● Data section
══════════════════════════════

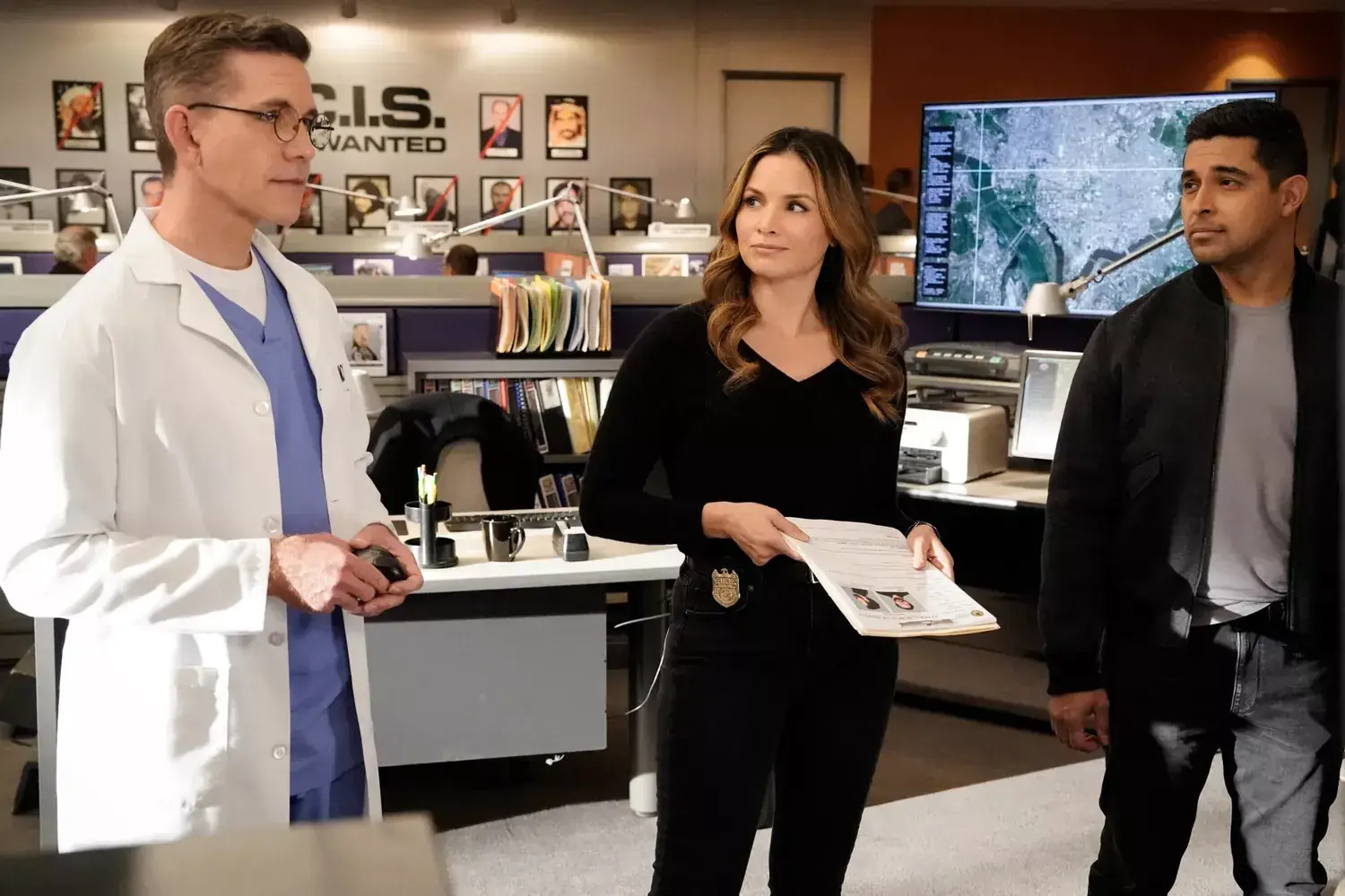 Enter Torres (Wilmer Valderrama), who undergoes a punishing run on Life Sequence’s treadmill under the watchful eye of Doctor Donovan (Nick George), the medical person in charge, while McGee and Kasie remotely access the data they need. (Don’t worry; they have a warrant!)
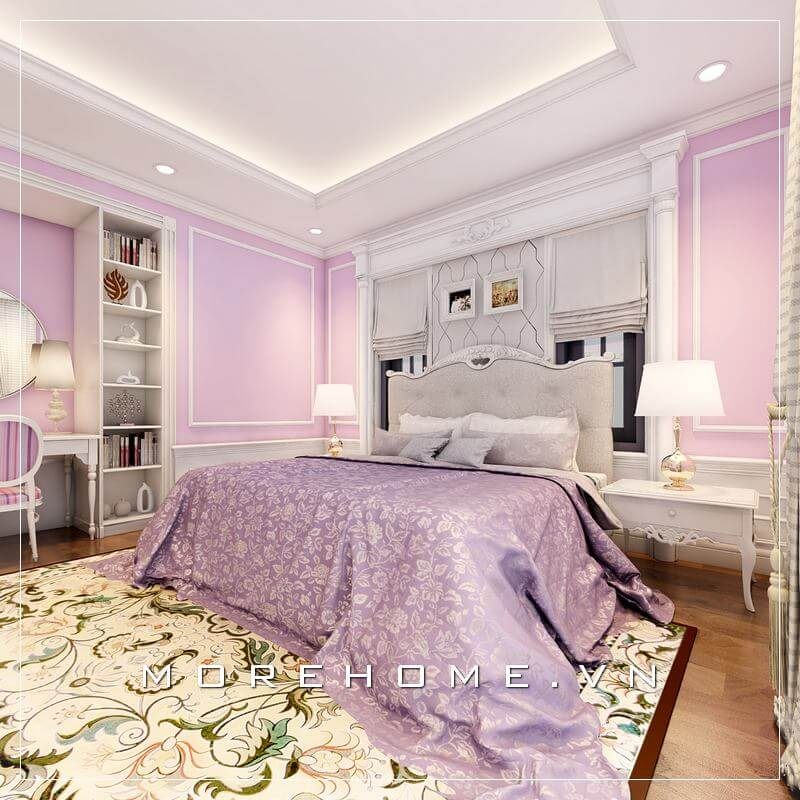 Sự kết hợp hài hòa giữa gam màu trắng - hồng kết hợp với đường nét chạm khắc nhẹ nhàng của phong cách tân cổ điển tạo nên một căn phòng ngủ bé gái đầy trẻ trung và ấn tượng
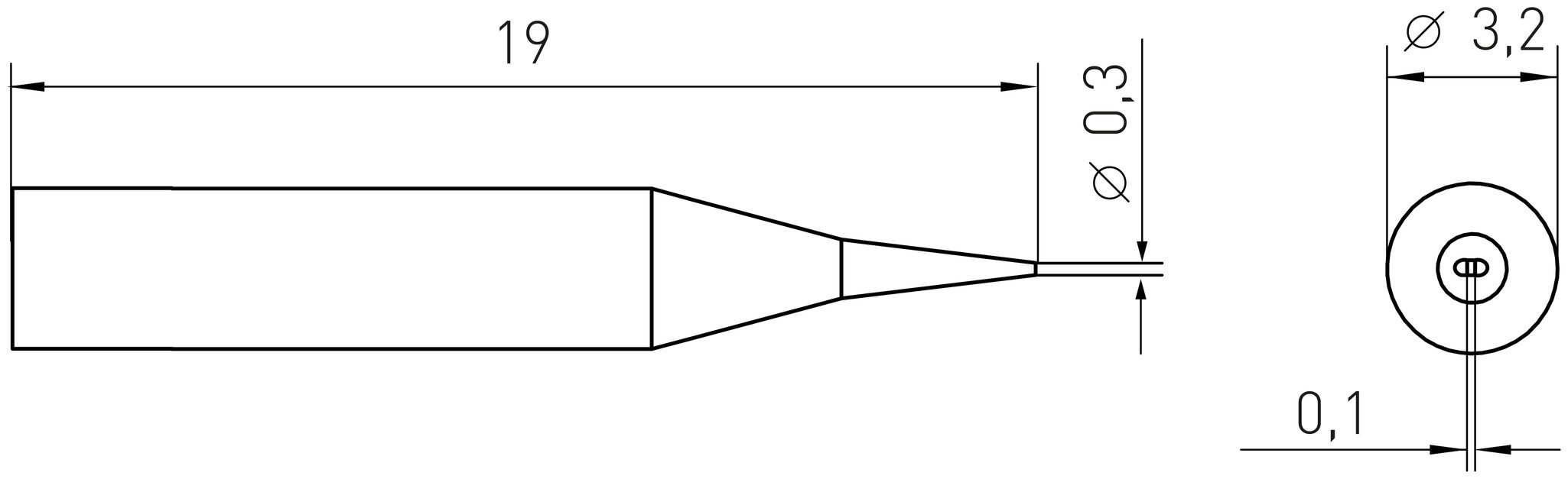Micro Lötspitze RTM 003 S NW MS, Meißelform Ø 0,3 x 0,1 mm, MIL-SPEC, nicht benetzbar

══════════════════════════════

● Prompt
Without including any picture, output all the material exactly as it appears.

● Task response
 Enter Torres (Wilmer Valderrama), who undergoes a punishing run on Life Sequence’s treadmill under the watchful eye of Doctor Donovan (Nick George), the medical person in charge, while McGee and Kasie remotely access the data they need. (Don’t worry; they have a warrant!)
 Sự kết hợp hài hòa giữa gam màu trắng - hồng kết hợp với đường nét chạm khắc nhẹ nhàng của phong cách tân cổ điển tạo nên một căn phòng ngủ bé gái đầy trẻ trung và ấn tượng
Micro Lötspitze RTM 003 S NW MS, Meißelform Ø 0,3 x 0,1 mm, MIL-SPEC, nicht benetzbar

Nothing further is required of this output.